Using a pipette, 20 μl of an anti-HBs antibody solution (manufactured by Shinotest Co., dissolved in 10 mM phosphate buffer at pH 7 at a concentration of 5 μg / ml) is applied to a portion from 5 mm to 10 mm from the left end of the bottom of the groove of the plate-like body. Placed and contacted, left at 37 ° C. for 3 hours.
Next, this solution was removed by suction with a pipette, and 0.3 ml of Tris buffer solution (pH 7.5, 50 mM) (hereinafter referred to as Diluent A) containing 0.5% (W / V) casein was added thereto. It was left overnight at 0 ° C., and this was removed by suction with a pipette.
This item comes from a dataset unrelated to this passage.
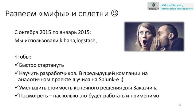 17. Развеем «мифы» и сплетни С октября 2015 по январь 2015: Мы использовали kibana,logstash, Чтобы: Быстро стартануть Научить разработчиков. В предыдущей компании на аналогичном проекте я учила на Splunk-е ;) Уменьшить стоимость конечного решения для Заказчика Посмотреть – насколько это будет работать и применимо 18
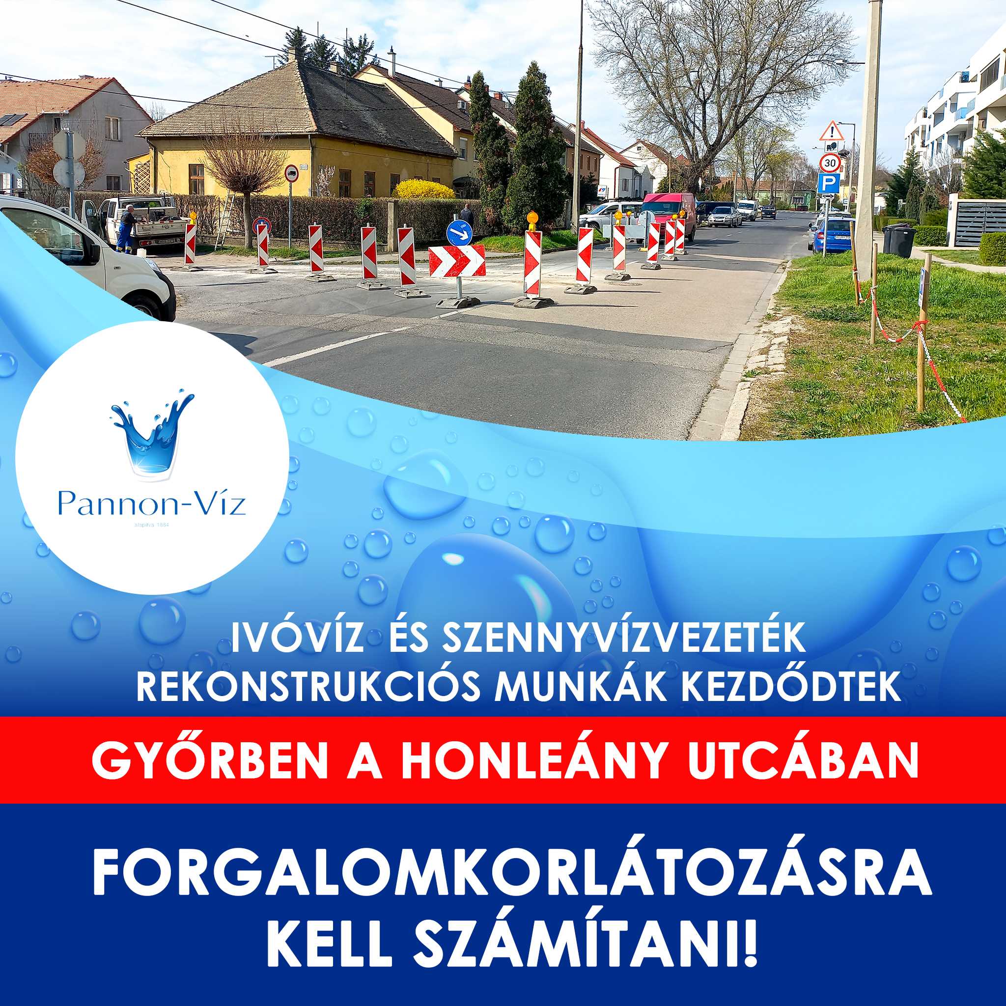 Tájékoztatjuk Tisztelt Felhasználóinkat és az arra közlekedőket, hogy a mai napon ivóvíz‑ és szennyvízvezeték‑rekonstrukciós munkálatok kezdődtek Győrben, a Honleány utcában. A munkavégzés forgalomkorlátozással jár, amely érinti a Kert utca és a Lomb utca felőli kereszteződéseket is.

Then, an acrylic resin extruded plate (25 mm in width, 25 mm in depth, 1 mm in thickness) (manufactured by Acrysanday Co.) is pasted on the left end of this plate-like body with a solvent, thereby forming a plate-like body as shown in FIG. Covered.
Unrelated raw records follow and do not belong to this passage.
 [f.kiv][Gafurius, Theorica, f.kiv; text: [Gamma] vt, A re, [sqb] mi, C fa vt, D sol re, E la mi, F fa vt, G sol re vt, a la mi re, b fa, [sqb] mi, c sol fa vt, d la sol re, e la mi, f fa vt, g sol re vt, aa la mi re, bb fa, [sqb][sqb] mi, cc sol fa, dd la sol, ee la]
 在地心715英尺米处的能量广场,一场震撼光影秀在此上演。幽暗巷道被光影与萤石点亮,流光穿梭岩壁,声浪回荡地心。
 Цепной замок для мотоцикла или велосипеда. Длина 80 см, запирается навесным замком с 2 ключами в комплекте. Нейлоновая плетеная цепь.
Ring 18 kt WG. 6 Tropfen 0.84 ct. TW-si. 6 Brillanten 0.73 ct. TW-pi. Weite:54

In this way, a plate-like body was produced in which a band-shaped coating portion made of a specific binding substance (anti-HBs antibody) was formed on the bottom surface of the groove.
[0091]
(2) Preparation of anti-HBs antibody fixed particles
Particles (magnetic particles) [Dynabeads M-450 uncoated, manufactured by Dynal, particle size: 4.5 μm, C.D. V. 5% or less, specific gravity 1.5, concentration 3% (w / v)] 1 ml and anti-HBs antibody solution (manufactured by Shinotest, pH 7.0, dissolved in 10 mM phosphate buffer at a concentration of 0.1 mg / ml) And reacted at 37 ° C. for 30 minutes. Masking was performed by adding about 20 times the amount of Diluent A thereto. Next, the obtained particles were washed with the diluent A, and the particles were redispersed in the diluent A so that the concentration was about 0.1% (w / v). Thus, an anti-HBs antibody fixed particle dispersion was prepared.
[0092]
(3) Measurement of HBs antigen
100 μl of HBs antigen-positive blood was placed using a pipette near the border between the groove-covered part and the non-covered part of the anti-HBs antibody-fixed plate prepared in (1) above, and was brought into contact with the belt-like covering part. .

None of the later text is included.